MgH₂ is one of the most promising materials for solid-state hydrogen storage, but its slow kinetics and relatively high dehydrogenation temperature have yet to be overcome. We have theoretically investigated surface energy and surface H vacancy formation on various MgH₂ surfaces, including all possible H vacancy configurations in the studied size of MgH₂(110), (100), (101), and (001), up to (3 × 2), (2 × 3), (2 × 2) and (2 × 2) slabs respectively, based on density functional theory. Consequently, the hydrogen diffusion paths on the surfaces are also studied. The most unstable surface, MgH₂(001), has the most drastic change in vacancy formation energy. The relative high barriers for vacancy H formation, especially on the most stable surface, MgH₂(110), reflect the slow kinetics of H release. The introduction of vacancy into MgH₂ surfaces often induces defect levels in the energy-gap region. In general, the release of surface H atoms exhibits a pronounced dependence on the surface stability and the concentration of surface H vacancy, in line with the remarkable effect of ball milling in experiments.

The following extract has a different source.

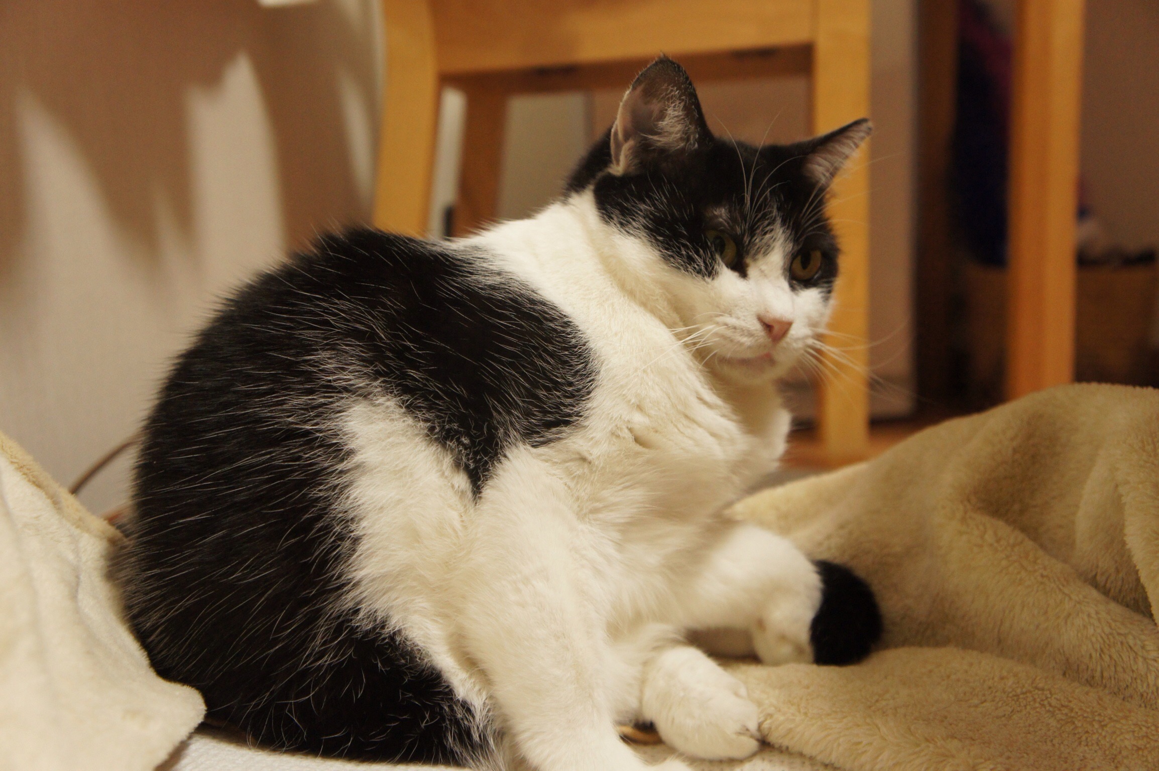 そして、ついに前足の一本だけだけど、切れた!その時のハレちゃんのいやーな表情。ハレちゃんって元野良の割に攻撃的じゃなくて、おっとりしてて、シャーもしない。ハレちゃんいい子

MgH ₂是用于固态氢存储的最有前途的材料之一，但其缓慢的动力学和相对较高的脱氢温度仍有待克服。我们已经从理论上研究的表面能和表面H，空位形成各种的MgH _2层的表面，包括所有可能的在的MgH的所研究的口径H空位配置₂（110），（100），（101）和（001），直到（基于密度泛函理论，分别为3×2），（2×3），（2×2）和（2×2）平板。因此，还研究了表面上的氢扩散路径。最不稳定的表面，MgH ₂（001），空缺形成能量变化最大。空位H形成的相对较高的壁垒，特别是在最稳定的表面MgH ₂（110）上，反映了H释放的缓慢动力学。将空位引入MgH ₂表面通常会在能隙区域中引起缺陷水平。通常，表面H原子的释放表现出对表面稳定性和表面H空位浓度的显着依赖性，这与球磨在实验中的显着效果一致。